Brooksbank arrived in Whistler in 1976, when the chairs were still doubles and the ride up took longer than the ski down. It was perfect for the 19-year-old flatlander from Ontario, who moved west in search of snowy mountains. Upon arrival, she applied to Whistler for a job, but there was one problem: She didn’t know how to ski. “I applied to be a liftie,” Brooksbank says, “and I kind of lied when they asked me if I could.”
She quickly learned, becoming confident enough to earn her a spot at the top of the upper lift (at the time, the late “Big Red Chair”). But as she loaded passengers, her gazed drifted to the snowcats moving across the slopes. “I kept thinking, ‘That looks like way more fun,’” she says.
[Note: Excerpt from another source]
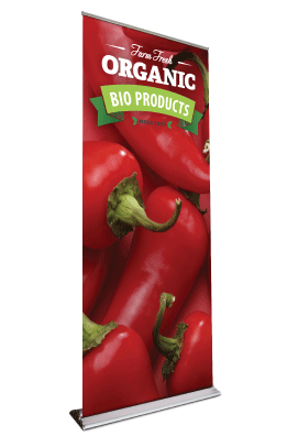 Single sided, premium chrome base, available in fabric or vinyl. - Retractable Banner (Deluxe)
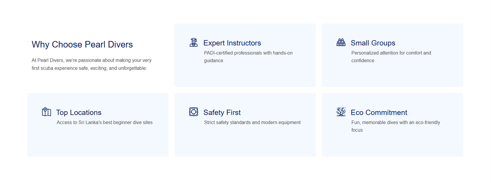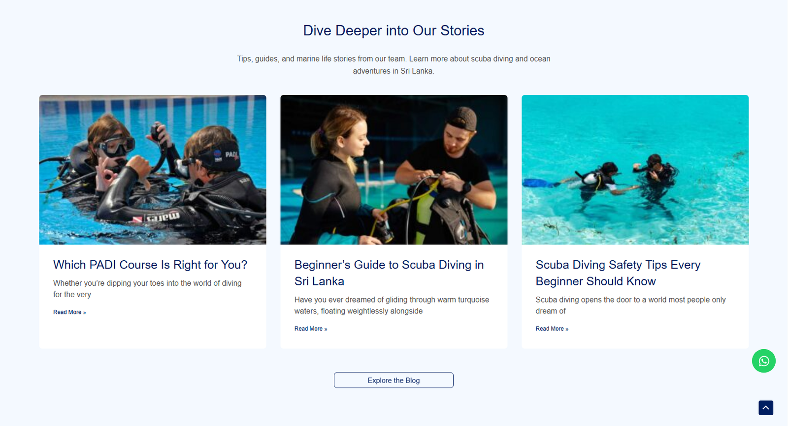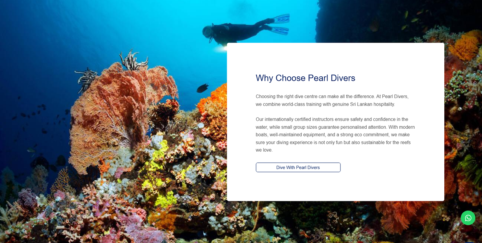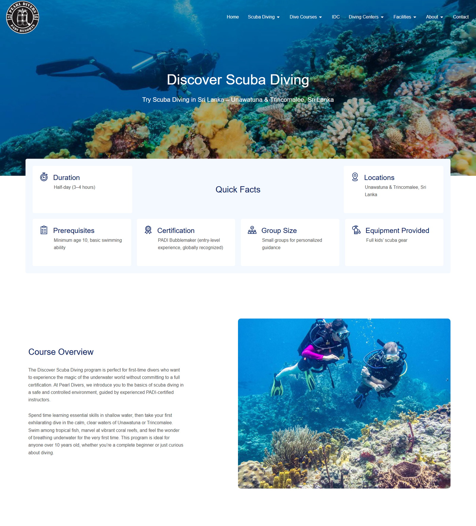 Pearl Divers delivers memorable diving experiences in Unawatuna and Trincomalee — from beginner dives to multi-dive packages. They needed a website that feels immersive, ocean-inspired, and easy for travellers to understand.

Brooksbank began asking Jamie Catersfield, the manager of the grooming department, to let her try her hand driving the machine. “One day, Jamie asked me how I planned to get down the hill from work, and I said I would ski,” she says. “‘Oh, that’s too bad,’ he told me. ‘I was going to let you drive the snowcat.’”
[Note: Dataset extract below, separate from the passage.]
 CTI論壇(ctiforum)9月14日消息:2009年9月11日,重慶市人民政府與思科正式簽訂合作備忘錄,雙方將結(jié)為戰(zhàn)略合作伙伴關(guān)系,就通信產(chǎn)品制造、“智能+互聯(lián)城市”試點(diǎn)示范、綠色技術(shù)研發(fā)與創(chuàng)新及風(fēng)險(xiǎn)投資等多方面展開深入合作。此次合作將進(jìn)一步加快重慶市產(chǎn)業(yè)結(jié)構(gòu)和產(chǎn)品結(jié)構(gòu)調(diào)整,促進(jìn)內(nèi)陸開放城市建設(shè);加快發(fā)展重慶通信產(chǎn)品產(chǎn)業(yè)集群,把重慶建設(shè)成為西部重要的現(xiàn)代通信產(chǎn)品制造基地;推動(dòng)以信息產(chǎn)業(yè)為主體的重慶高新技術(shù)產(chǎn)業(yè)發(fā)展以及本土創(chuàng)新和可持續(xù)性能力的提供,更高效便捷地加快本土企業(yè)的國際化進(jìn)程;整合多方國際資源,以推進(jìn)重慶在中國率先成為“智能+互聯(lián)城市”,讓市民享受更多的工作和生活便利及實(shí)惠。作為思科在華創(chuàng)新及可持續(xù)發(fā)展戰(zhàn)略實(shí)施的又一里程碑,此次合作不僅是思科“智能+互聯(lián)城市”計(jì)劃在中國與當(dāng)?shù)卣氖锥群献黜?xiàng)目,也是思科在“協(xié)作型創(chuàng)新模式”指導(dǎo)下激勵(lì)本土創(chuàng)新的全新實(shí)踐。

At the time, the only qualification for operating a cat was being able to drive a tractor, something Brooksbank had learned while working summers on a farm in Alberta. So when Catersfield asked about her abilities, this time Brooksbank didn’t have to lie.
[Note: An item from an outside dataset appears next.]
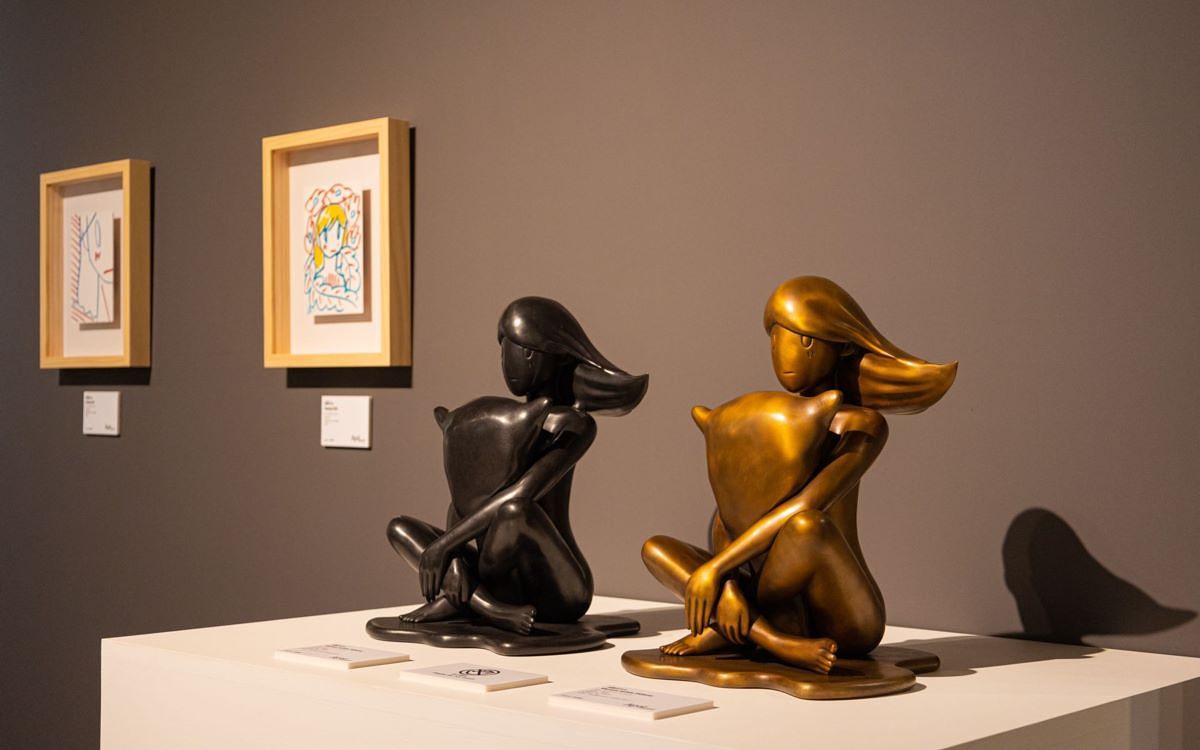 不僅展覽原作豐富性十足,就連周邊藝術藏品也是!繼上述木版畫作與樹脂材質雕塑之外,更是看到了天野タケル難得使用銅料材質打造「抱著枕頭的維納斯」,詮釋出自己VENUS 女神系列作品的嶄新精緻面。藉由銅料元素讓整體雕塑藏品的視覺上帶來了更多的古典精緻氣息,且格外具有歐洲經典藝術風情。在顏色上分別能看到華麗金、內斂黑與玄秘藍等選擇,每款配色皆散發出不同的風格與個性,替廣大藏家們貼心的提供了不同的品味需求。
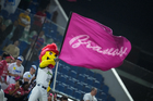 León, Guanajuato, 16 de febrero de 2026. Bravo de León, mascota, durante el Home Run Derby del Juego de las Estrellas de la Liga Mexicana de Softbol, celebrado en el estadio Domingo Santana. Foto: Imago7/

Brooksbank laughs as she remembers her first night on the job, when the mechanics brought the cat to mid-station. She found the windows decorated with curtains made from shop rags and flagging tape, and a little mirror was set up for a make-shift vanity station. “You learn to ignore the teasing,” Brooksbank says. “They’re the ones with the problem, and if you make it your problem, that’s when you can’t cope. You just have to carry on and do your job.”
In general, Brooksbank found a lot of support in the small community. No woman had done the job before, and people were excited about her. Unbeknownst to Brooksbank, her new position had implications on the ski patrol as well, who had long said they wouldn’t hire a woman until the snowcat drivers did. That year, ski patrol brought on Cathy Juit and Jen Tindel, who—like Brooksbank—still work at Whistler today. Now the mountain employs more than 50 women as snowcat drivers.
“My favorite part about the job is artistic expression,” she says. “You arrive at the run and it’s just messy moguls, but when you’re done you leave this beautiful corduroy, perfect for skiing.”
Brooksbank has been around for six different owners, and like all employees who have worked at Whistler for 30 years or more, she has a lifetime pass to the mountain (the resort’s official policy). She spends her summers doing road and river maintenance with Whistler’s road department, and in the few weeks before the season she camps and fishes in the mountains around Pemberton. She’s starting to look toward retirement, but in the meantime she’s more than content.
“I work from 3 a.m. to 1 a.m., four days a week,” she says. “Then you wake up at 9 a.m. and still have your whole day. You aren’t rushed going to work; you get up and have a cup of tea going up the gondola. It is really a fabulous job. It’s the life.”